Andrzej Marian Grzyb (born 23 August 1956) is a Polish politician who served as a Member of the European Parliament from 2003 until 2004 and from 2009 until 2019. He was elected to Sejm on 25 September 2005, getting 7,986 votes in 36 Kalisz district as a candidate from the Polish People's Party list.

From 2014 until 2019, Grzyb was a member of the European Parliament's Democracy Support and Election Coordination Group (DEG), which oversees the Parliament's election observation missions.

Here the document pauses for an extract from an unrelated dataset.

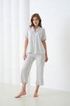 Kadın Pamuk Gömlek Kapri Şık Casual Curve Alt Üst Gecelik Takımı
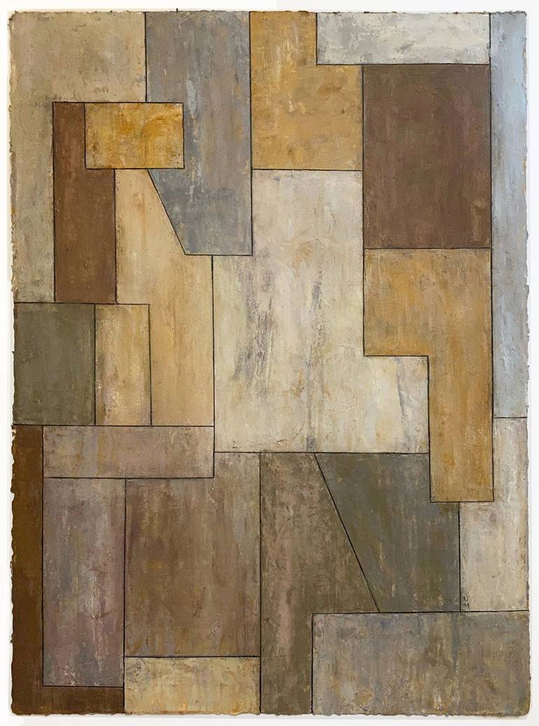 BIO— Recipient of the Pollack-Krasner Grant, Cimini primarily identifies as a self taught artist although he briefly studied at the the San Francisco Art Institute and the School of Visual Arts in New York City. His work is held in various corporate and private collections internationally. He is represented by Carter Burden Gallery, in New York and exhibits in various other galleries throughout the United States. ARTIST STATEMENT— Building on the architectural origins which have been the basis of my work for over a decade, I have started referring to my compositions as random symmetry. That is, creating a balance on the canvas with no discernible pattern allowing a symmetrical, meditative composition to emerge. I employ the golden mean as a reference which can often be seen in the composition. I use oil paint with a cold wax medium, layering the paint, as organic surfaces evolve within the restrained lines of the composition. During the process an environment develops giving an emotional story to the thoughtfully planned out compositions. My color choices vary, sometimes deliberating creating a series with particular color decisions and sometimes allowing the color choices to impulsively appear fueled by intuition and experience. Color remains a constantly unfolding mystery.

He was also a member of People's Republic of Poland Sejm 1989-1991, Sejm 1993-1997, and Sejm 2001-2005.

See also
Members of Polish Sejm 2005-2007

References

External links
 

1956 births
Living people
Members of the Polish Sejm 1993–1997
Members of the Polish Sejm 2001–2005
Members of the Polish Sejm 2005–2007
Members of the Polish Sejm 2007–2011
Members of the Polish Sejm 2019–2023
Polish People's Party politicians
Polish People's Party MEPs
MEPs for Poland 2004
MEPs for Poland 2009–2014
MEPs for Poland 2014–2019
Knights of the Order of Polonia Restituta
Recipients of the Gold Cross of Merit (Poland)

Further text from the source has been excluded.